**PROVIDED MATERIAL:**
^^^^^^^^

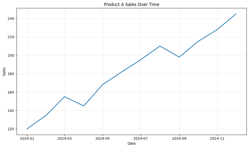 ax2.plot(df[‘Date’], df[‘Product A Sales’], label=’Product A’, linewidth=2)
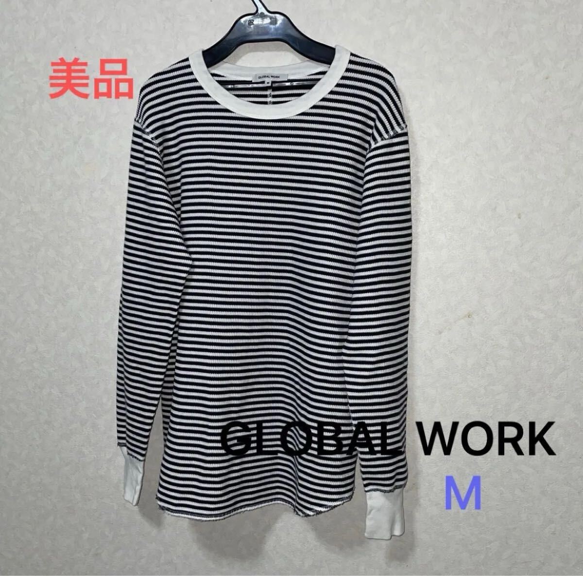 - 美品 GLOBAL WORK 長袖Tシャツ M ロンT カットソー ボーダー 長袖 Tシャツ ボーダー柄
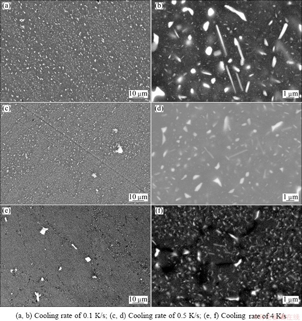 Figure 7 shows the SEM images of aluminium alloy EN AW-7049A after cooling with rates of 0.1, 0.5 and 4 K/s. Polygonal and needle-shaped secondary precipitates are also visible in SEM images. Their chemical composition was measured by energy dispersive X-ray analysis. Both of them contained large amounts of zinc, magnesium and copper. Due to relative slow cooling, these precipitates are assumed to be equilibrium phases like h-Zn2Mg and S-Al2CuMg. Their sizes decrease with increasing cooling rate from a few μm at 0.1 K/s to a few 0.1 μm at 4 K/s.
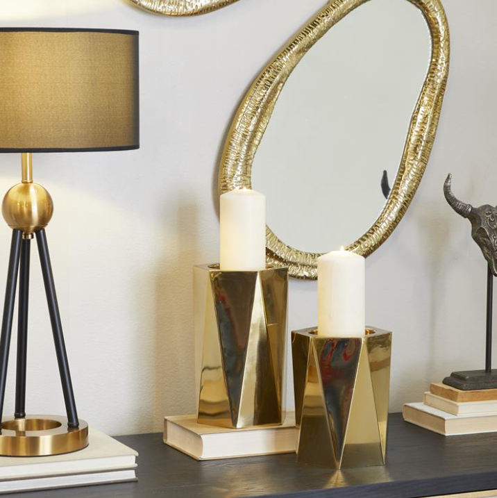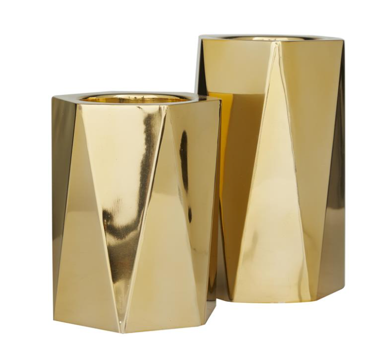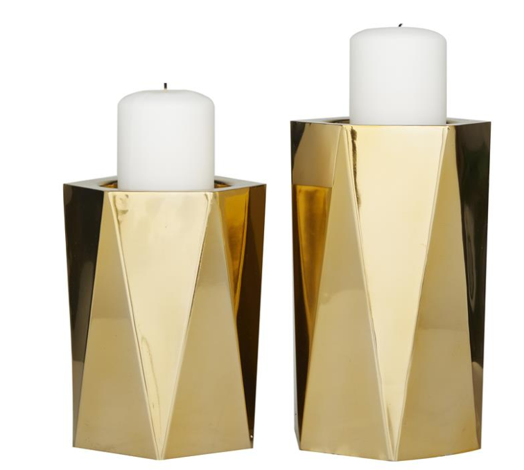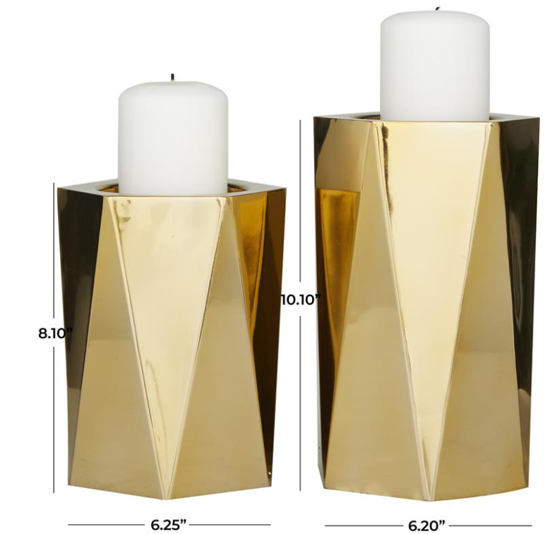 Pillar candle holders highlighting a shiny gold finish that provides a glamorous flair with a geometric faceted pattern adorns each of these 2 candle holders with embedded plates to avoid candle drippings.

^^^^^^^^

**PROBLEM STATEMENT:**
Write out the listing above exactly, images omitted.

**TASK OUTPUT:**
 ax2.plot(df[‘Date’], df[‘Product A Sales’], label=’Product A’, linewidth=2)
 - 美品 GLOBAL WORK 長袖Tシャツ M ロンT カットソー ボーダー 長袖 Tシャツ ボーダー柄
 Figure 7 shows the SEM images of aluminium alloy EN AW-7049A after cooling with rates of 0.1, 0.5 and 4 K/s. Polygonal and needle-shaped secondary precipitates are also visible in SEM images. Their chemical composition was measured by energy dispersive X-ray analysis. Both of them contained large amounts of zinc, magnesium and copper. Due to relative slow cooling, these precipitates are assumed to be equilibrium phases like h-Zn2Mg and S-Al2CuMg. Their sizes decrease with increasing cooling rate from a few μm at 0.1 K/s to a few 0.1 μm at 4 K/s.
 Pillar candle holders highlighting a shiny gold finish that provides a glamorous flair with a geometric faceted pattern adorns each of these 2 candle holders with embedded plates to avoid candle drippings.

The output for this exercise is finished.